A more fundamental limitation in SurfSaver is that although it does very well with plain vanilla HTML documents, and even works fine with frames, it does not properly handle other document types. This includes, for example, documents that do not comply with HTML but that browsers adapt to. For example, SEC filings downloaded from the SEC Edgar site are in SGML, not HTML. SurfSaver indexes and searches the full text, but the file is unusable because it is displayed in one long line of text. ASCII text files are subject to the same indignity. More curious was that I could save, search, but not display a number of other files that appear to be HTML, such as SEC documents on WhoWhere?Edgar. (These were completely blank when displayed.)

Nor can SurfSaver save or display non-HTML documents that browsers can display, such as Word or PDF files. And one cannot save documents that are on a secure or password-protected site (such as Westlaw or Wall Street Journal).

Product Deficiencies

There are a few Surfsaver features that need work.

  • There is no way to exit SurfSaver without exiting the browser.
  • Although you don’t need much Help, still, it’s annoying that the Help files and documentation are not available except when you first start it up.
  • Searching data within tables is not 100% accurate; sometimes it works and sometimes it doesn’t.
  • As discussed above, being able to set up sub-folders would significantly help the researcher organize and find files, as would the capability to independently display a list of Keywords used in each folder.
  • Finally, there is no option to highlight search terms, so you have to use your browser’s Find function.

Conclusion

If you do have problems running SurfSaver, expect the tech support to be very responsive. A real-live technician answered me via email within 3 hours.

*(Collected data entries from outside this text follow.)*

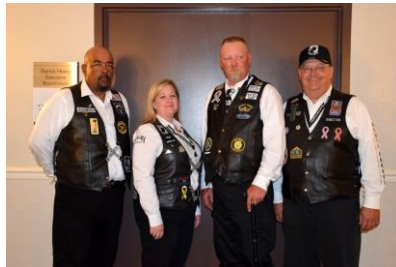
Executive Officers from Idaho & Nevada
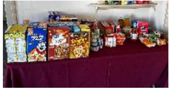
119 Food Bank Items were collected and donated to the Torrance Volunteer Center
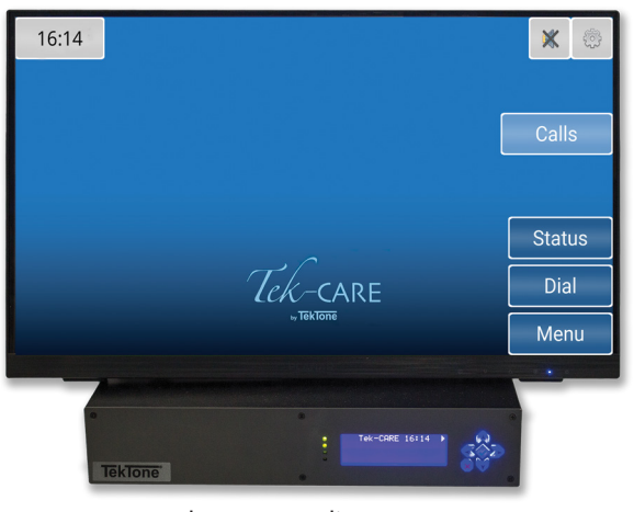
Tek-CARE Appliance Server (NC475DESK pictured)
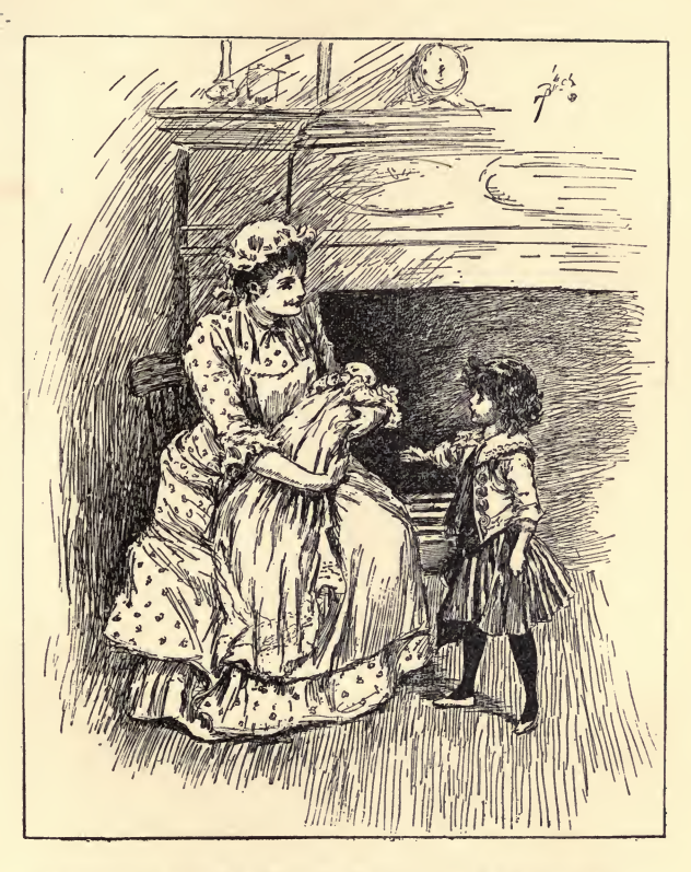
FAUNTLEROY'S WELCOME INTO THE WORLD: "F'OW HIM IN 'ER FIRE!"
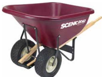
Model: M10-2T | Capacity: 10 cu.ft.
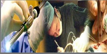
Urological Surgical Packages
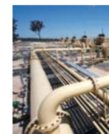
7 Saudi Arabia Building Relationships
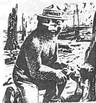
Forest fires hurt us all!

If that kind of attention to the customer is representative of the askSam Systems approach, I suspect that the limitations I have noted here will be addressed and remedied to the extent technology permits. In the meantime, SurfSaver is still a very good tool for collecting, organizing and retrieving research on the Web. Its list price of $29.95 makes it a good value, and I recommend it with only a few reservations.